Die sollen die nächsten 20 Jahre ihre eigene Beerdigung organisieren.
Die Planung bis 2030, dieser Fünfjahresplan ist der erste Schritt.
Mao hatte ja auch so eine Planung. Nannte sich „großer Sprung nach vorn“.
Traf seine Landsleute bis ins Mark. Die Landwirtschaft wurde vernachlässigt.
Das hat bis zu 45 Millionen Landsleute das Leben gekostet. Sie sind verhungert.
Das ist die Dimension politischer Pläne, welche keine Rücksicht mehr auf die existentiellen Bedürfnisse der Menschen nehmen.

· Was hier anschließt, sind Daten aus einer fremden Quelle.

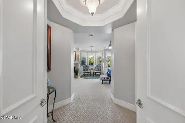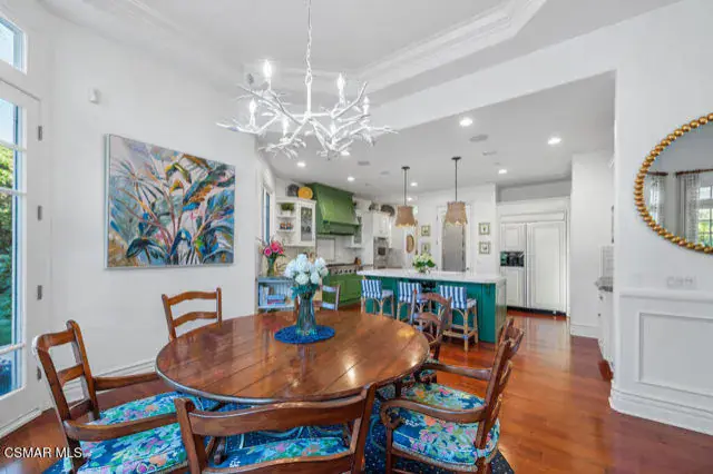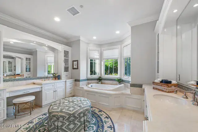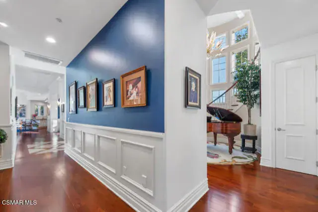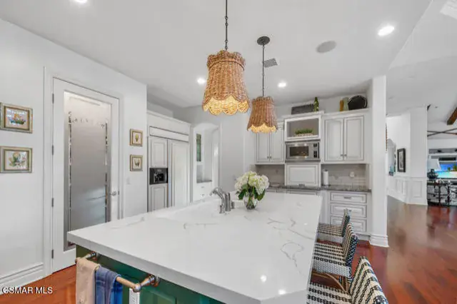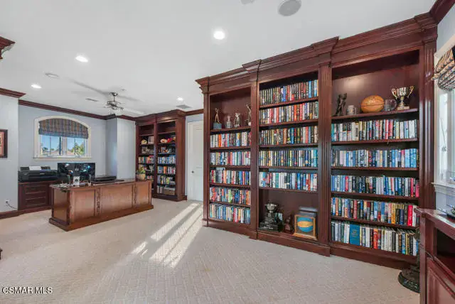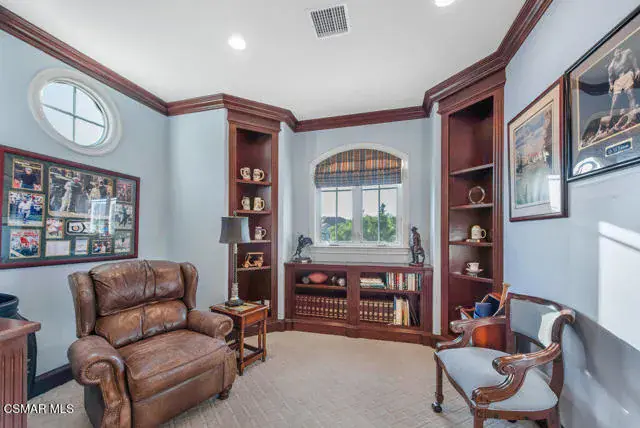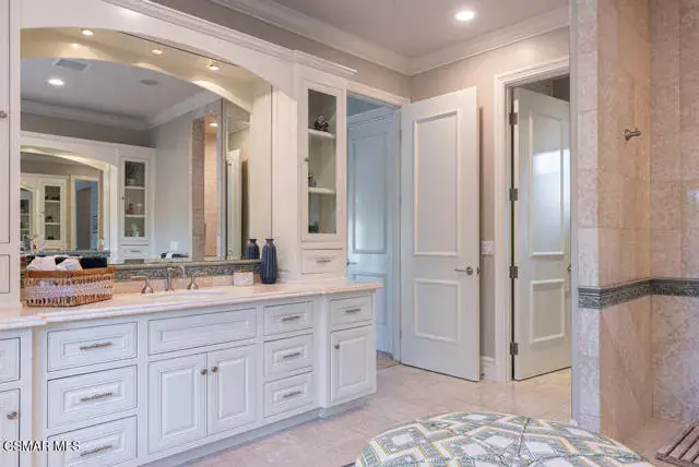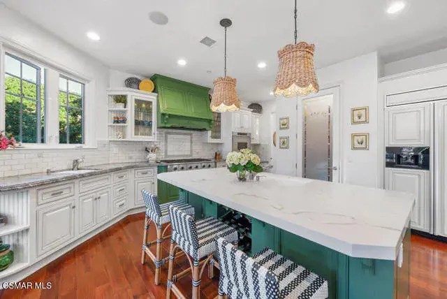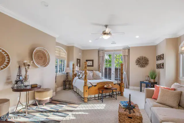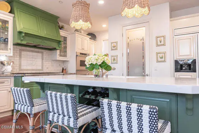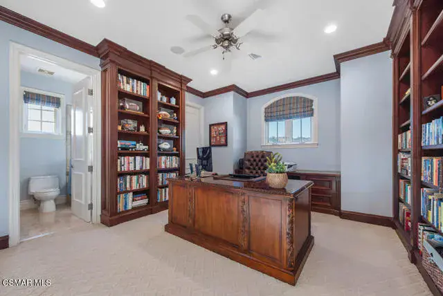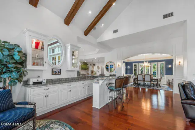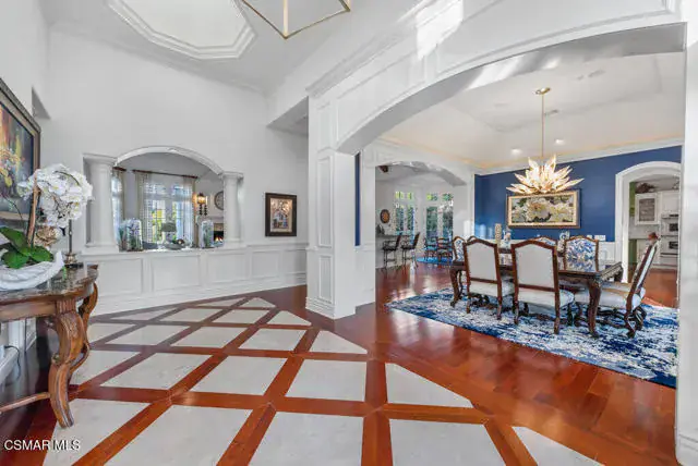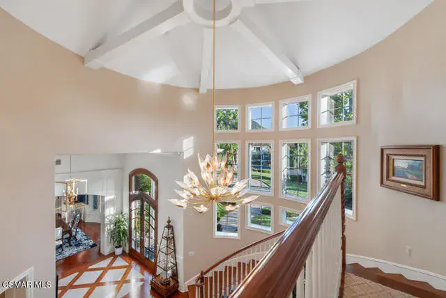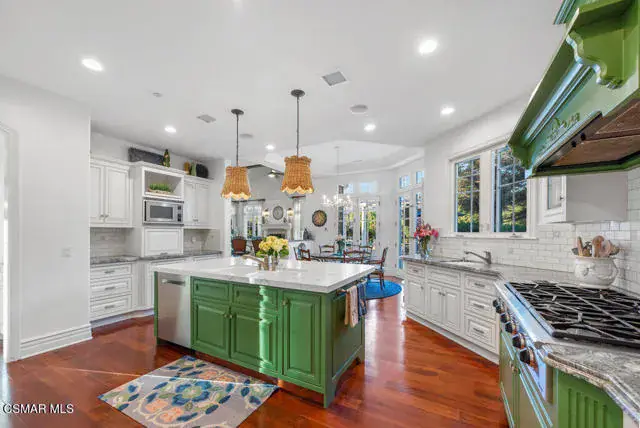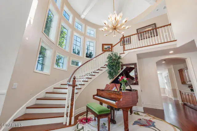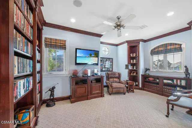 Architectural Masterpiece in Shingle Style Elegance!Welcome to a one-of-a-kind architectural dream home where East Coast charm meets California luxury. This expansive Shingle Style estate is set behind gates and rests on a coveted corner lot spanning over an acre of perfectly manicured grounds. A stately half-circle driveway that offers a stunning entrance and showcases the homes grand curb appeal. Step through soaring, double arched French doors into a dramatic foyer with towering ceilings and a sweeping curved staircase. Rich hardwood floors with custom inlays, towering ceilings in the turret and family room. Designer light fixtures, skylights, soaring windows, white wood paneling, intricate architectural details throughout the home flood the interiors with natural light and unwavering craftsmanship and design. Just off the grand entry and seamlessly connected to the great room, the formal dining room with arched windows and ceiling with cove lighting and fixturing offering an elegant space for intimate dinners and large scale entertaining. The heart of the home features a statement bar with glass-front cabinetry, integrated lighting, and a beverage fridge–flowing effortlessly into the expansive great room, breakfast nook, and chef’s kitchen. The kitchen is beautifully appointed with granite countertops, a Dacor stove and oven, a built-in refrigerator, a brand-new Bosch dishwasher and custom cabinetry. A generous walk-in pantry provides ample storage, while a nearby utility space offering more glass cabinets with built-in lighting and storage.The smart and spacious floorplan features four bedrooms downstairs, each with walk-in closets. One is a private en-suite with backyard views, while two others have a generous Jack-and-Jill bath. The luxurious primary suite includes a fireplace, dual walk-in closets, a sitting area, and a spa-like bath with a double shower, soaking tub and serene backyard vistas. Upstairs, a separate wing offers an additional guest suite with private bath and balcony. Don’t miss the oversized laundry room with secondary fridge, ample cabinetry and direct access to the full pool bath with exterior entry. The other set of sprawling stairs leads you to a work-from-home luxury, a richly appointed library/office features floor-to-ceiling custom dark wood built-ins and its own full bath and walk-in closet.French doors throughout the home open to a spectacular entertainer’s dream backyard designed for year-round enjoyment and tailored seamlessly for indoor/outdoor gatherings. Highlights include a granite-outfitted outdoor kitchen with built-in BBQ, fridge, ice chest, a cozy outdoor fireplace with TV lounge area, fire pit with seating, covered beamed patio and a lighted gazebo with fireplace. The backyard continues with a stunning pool and spa featuring waterfalls and water features and bridge, a six-hole lighted putting green, decorative waterfall and meticulously manicured landscaping with lush expansive grassy area lined with mature trees and privacy.A four-car garage rounds out the home, with built-in cabinetry, shelving and abundant storage space. A whole house generator to top it off. This rare, custom estate is packed with premium finishes, thoughtful details and luxury upgrades at every turn–this truly is a dream home with it all.
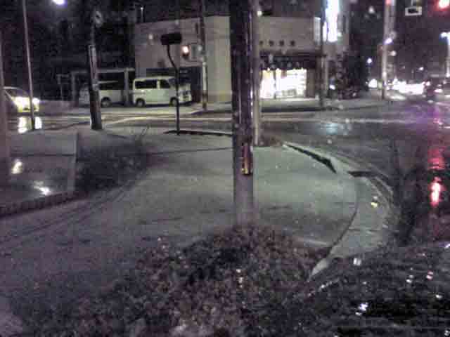 そうとは言っても昼間にチラチラ降る程度なら道路に積もったりしないからまだへーキだとか思ってタイヤはそのままで市内をウロウロしてたんですが夕方から本格的に降って来て気温も下がってるのでうっすらと積もり始めたんですねぇ。。
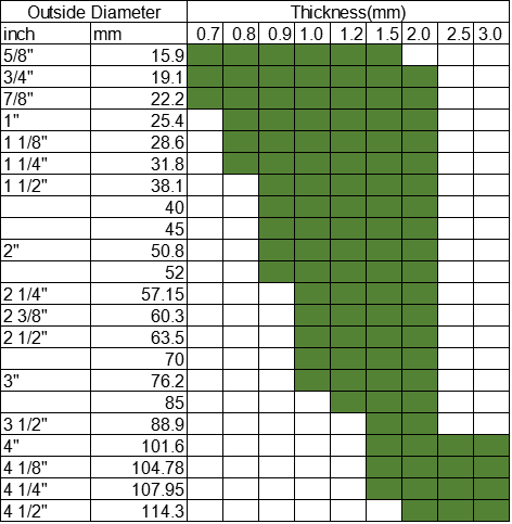 | Outside Diameter (mm) | Thickness (mm) | Length (mm) | |
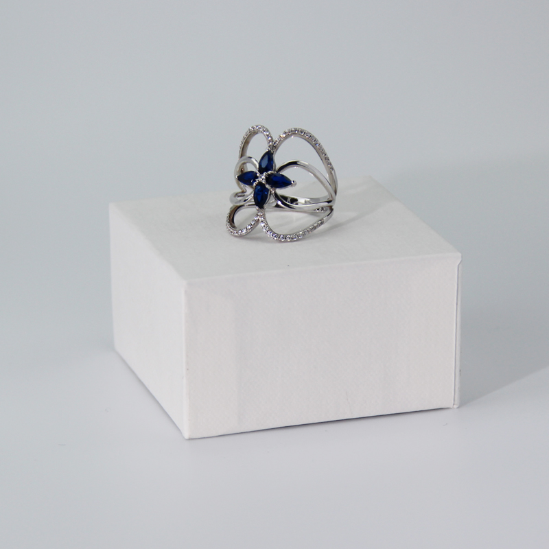 SilverCross Sterling Silver Ring with Blue Zircon 18K Gold Plated
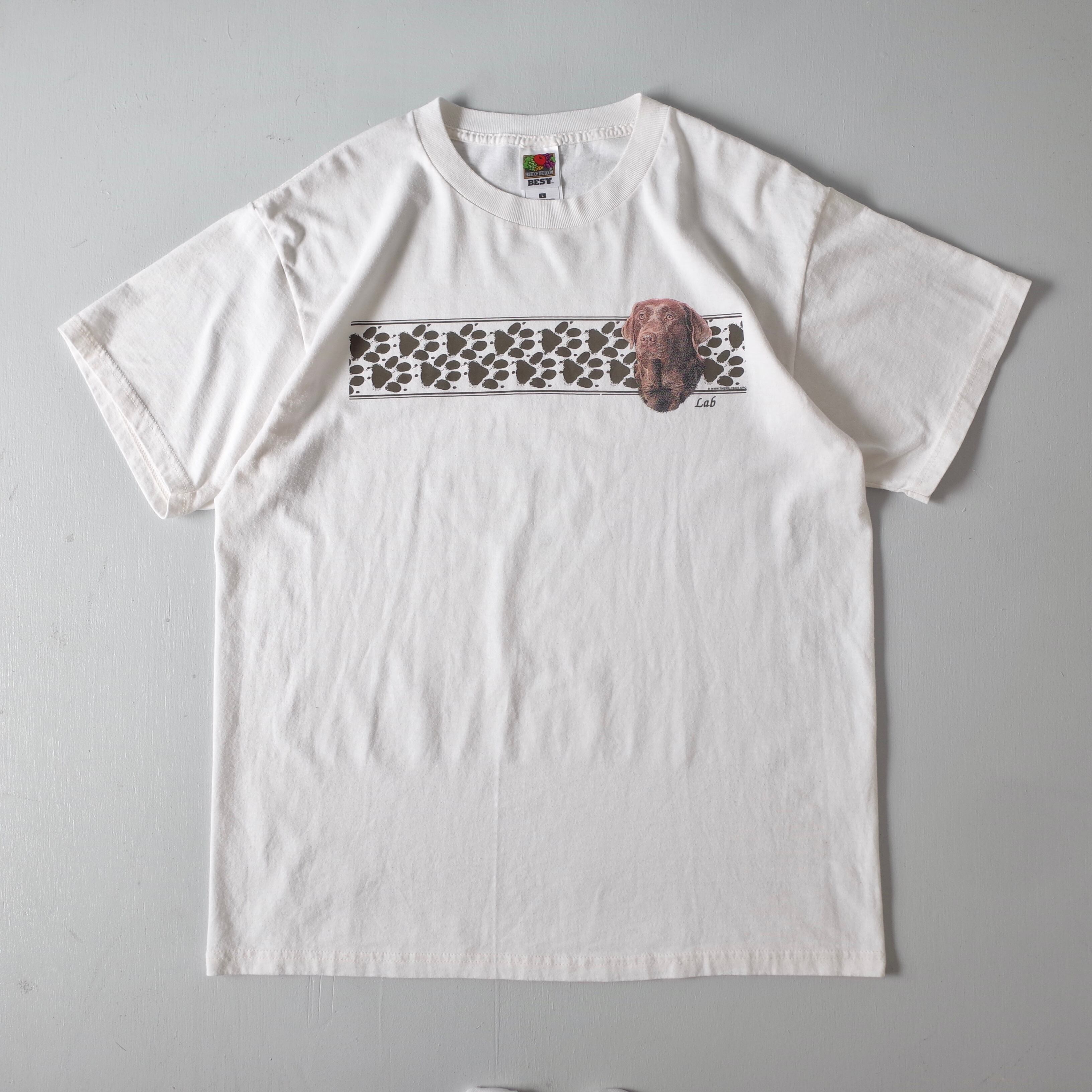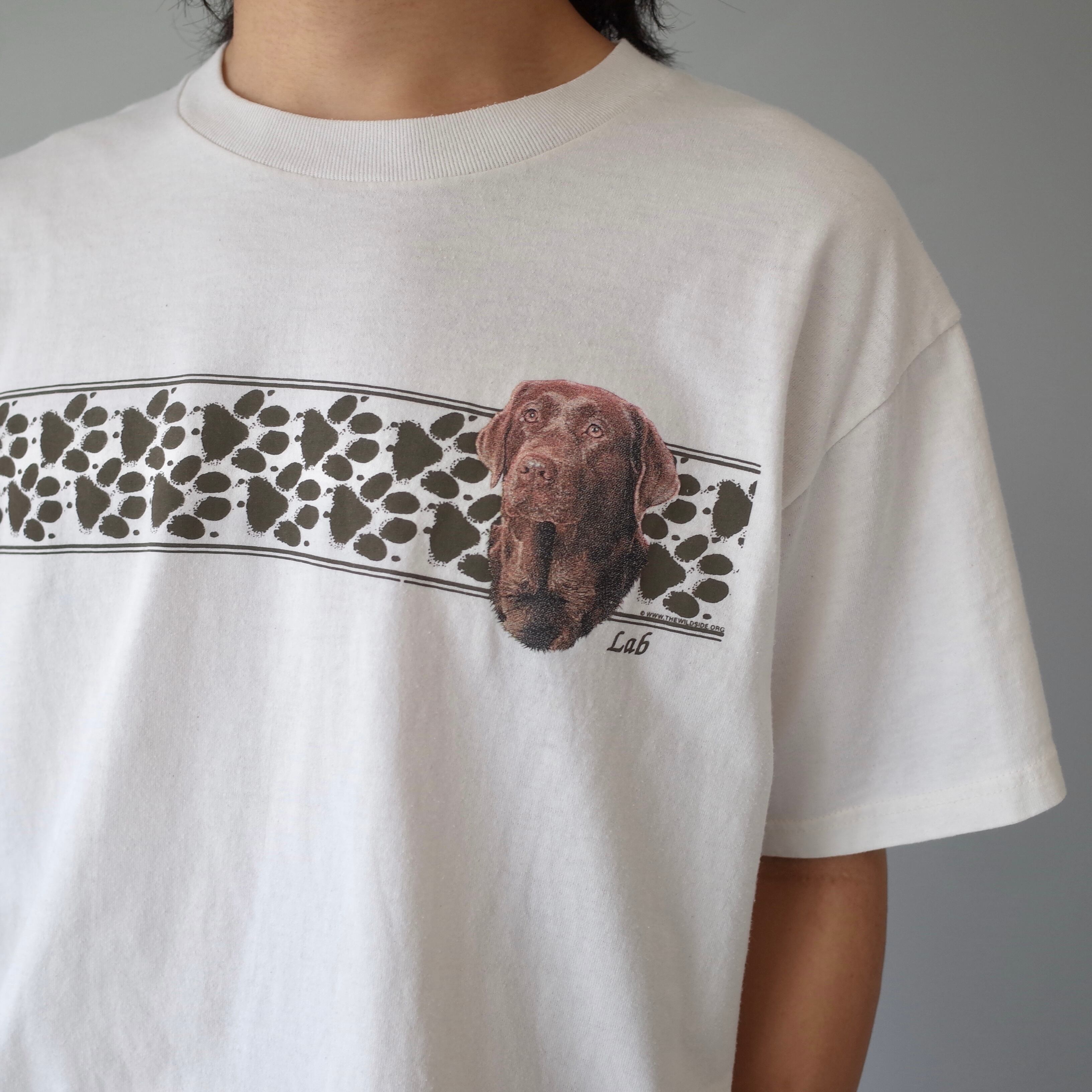 犬Tシャツ。足跡がスタンプの様にデザインされた一品で
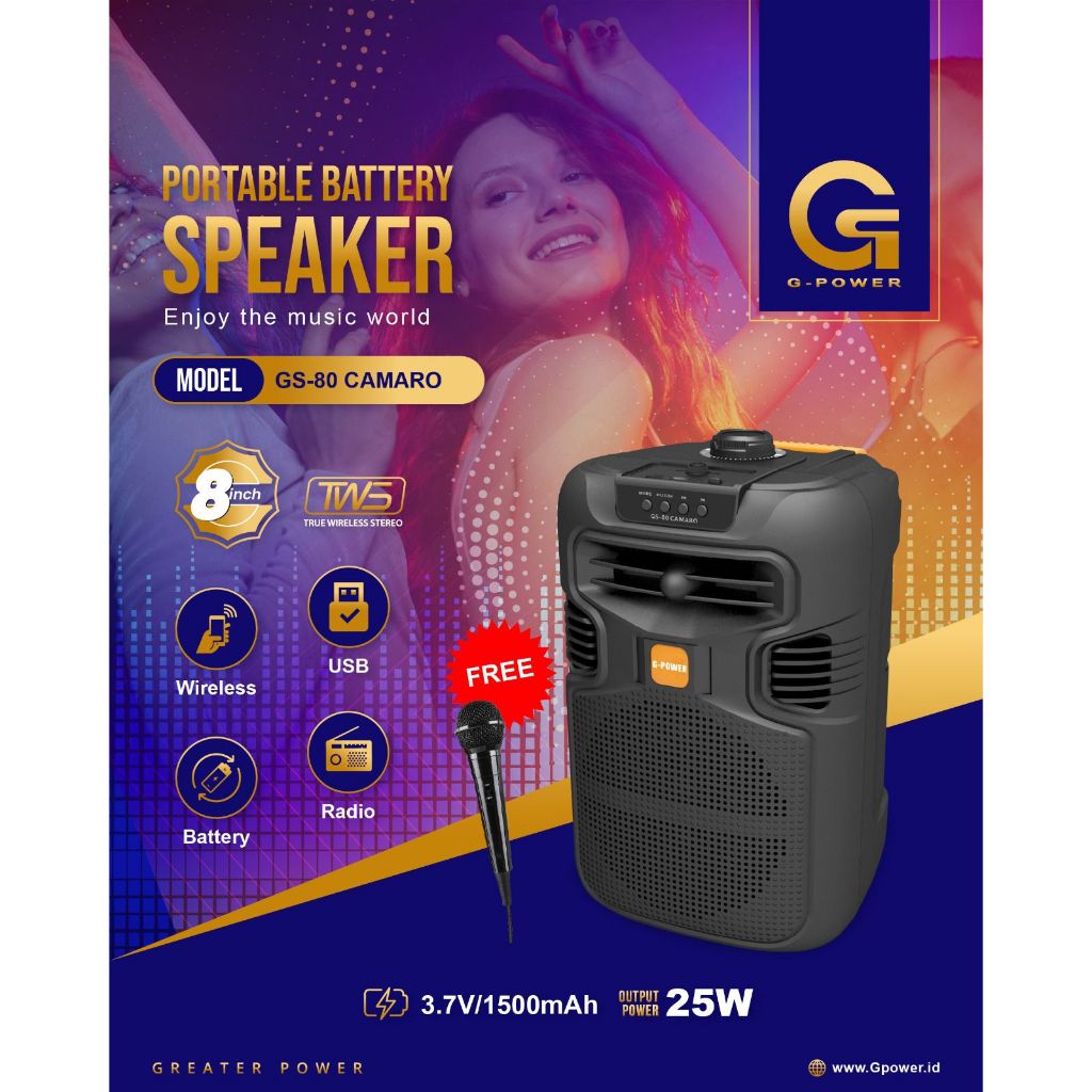 G-POWER Speaker Bluetooth 8 inch Gs-80 Camaro Free Mic Kabel Karaoke Set Portable Bagus Jernih
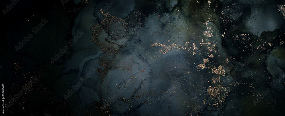 art photography of abstract fluid art painting with alcohol ink, black and gold colors
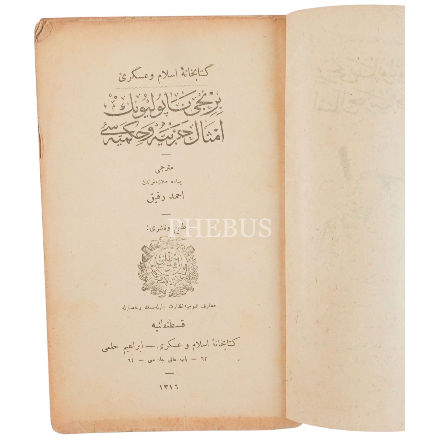 BİRİNCİ NAPOLYON´UN EMSAL-İ HARBİYE VE HÜKMİYESİ, Ahmed Refik, 1316, Kitabhane-i islam ve Askeri, 66 sayfa, 12x19 cm...
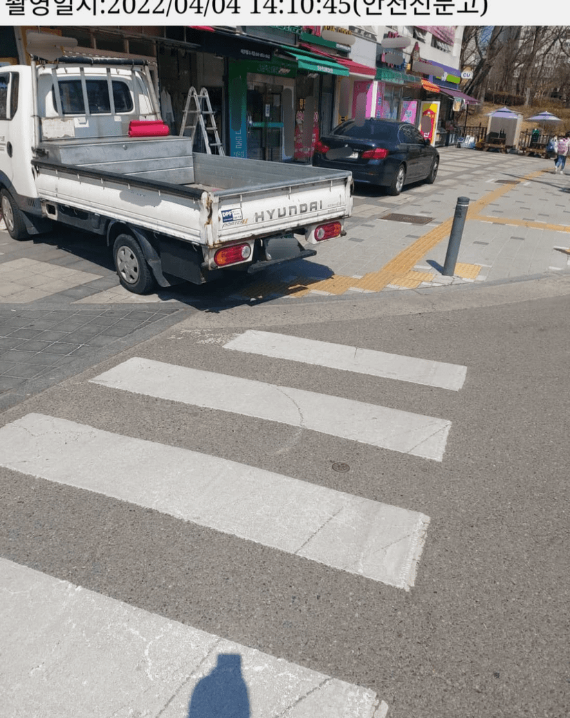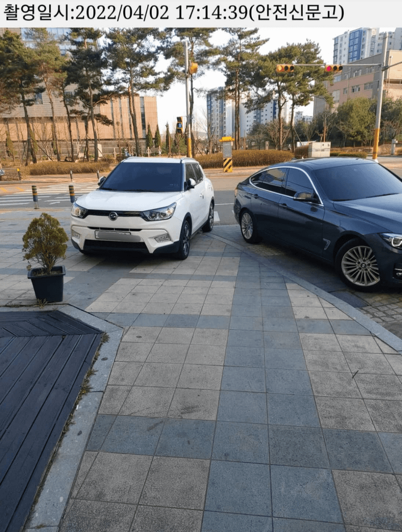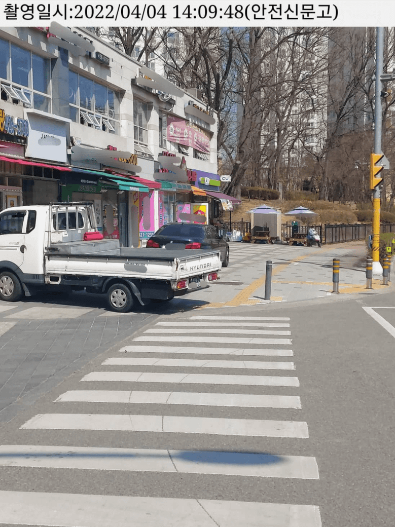 *그런데 재미있는 건, 해당 차량들이 출차할 때 동영상 촬영해서 경찰청앱으로 신고를 했더니 도로교통법 13조1항 '보도통행'으로 과태료 부과가 되더라고요.

Man darf nicht vergessen, dass das, was die Substanz „stark“ macht, wie Oliver Blume als Vorstandsvorsitzender der Volkswagen AG gegenwärtig formuliert, für nennenswerte Teile der Bevölkerung längst nicht mehr zählt. In ihrem sozialen Radikalismus gefallen sich vor allem die Parteigänger von Bündnis 90/Die Grünen darin, das dazu herausgehoben und insofern extern vorliegende Wissen kurzerhand für null und nichtig zu erklären. Sogar die IG Metall als die mitgliederstärkste Einzelgewerkschaft schlägt ohnehin schon seit den frühen 1990er Jahren die damit einhergehende Reflexionskraft einfach in den Wind. Es kommt dann nicht von ungefähr, wenn inzwischen eine ganze Industrie sich hierzulande dadurch existenziell äußerst bedroht sieht.
Dann müssen wieder Fahrzeuge bei VW ran, „Kübelwagen Reloaded“. Und Panzer. Drohnen. Hier wird nicht auf den Preis geschaut, der Steuerzahler übernimmt ALLES. Immer her damit, zahlt das „Sondervermögen“. Dann ist zwar nicht mehr von Wertschöpfung die Rede, aber egal: Arbeitsplätze bleiben ja erhalten, Osnabrück muss nicht schliessen, hurra. ^^
Wenn das alles so weitergeht arbeitet dann auch jeder Dritte wieder in der Rüstungsindustrie, der andere Dritte ist an der Ostfront und der andere Dritte ist im Versehrtenheim oder an der „Heimatfront“. Hatten wir alles schon mal. Und es kommt alles, alles wieder.
Produktion einstellen und die Werkshallen in Asylunterkünfte umbauen. 2 Millionen frische Asylanten nach Wolfsburg.
und fuer entlassene mitarbeiter findet sich hier ein neues plaetzchen:
70.000 bei rheinmetall, 210.000 bei zulieferern.
**Rheinmetall baut in Niedersachsen (Unterlüß) Europas grösste Fabrik für Artilleriemunition. Sie soll schon 2027 jährlich 350‘000 Geschosse herstellen. Allein Rheinmetall wird damit mehr produzieren als die USA heute.
Umsatzziel: 50 Milliarden Euro bis 2030 – das wäre eine Verfünffachung gegenüber 2024. 70.000 Arbeitsplätze sollen entstehen – direkt bei Rheinmetall und 210.000 bei Zulieferern usw..
Über 350.000 Bewerbungen gab es in nur einem Jahr.**
https://www.bloomberg.com/news/articles/2025-11-18/rheinmetall-targets-annual-sales-of-50-billion-in-2030
dass VW selber in die produktion von militaerfahrzeugen einsteigen wird, ist ebenfalls noch nicht ganz ausgeschlossen.
Diese Artilleriemunition wird sicherlich mit Pressluft betrieben, wegen der Klimaneutralität. Mein Gott wie geistig arm ist unser Volk, dass es sich so verarschen lässt.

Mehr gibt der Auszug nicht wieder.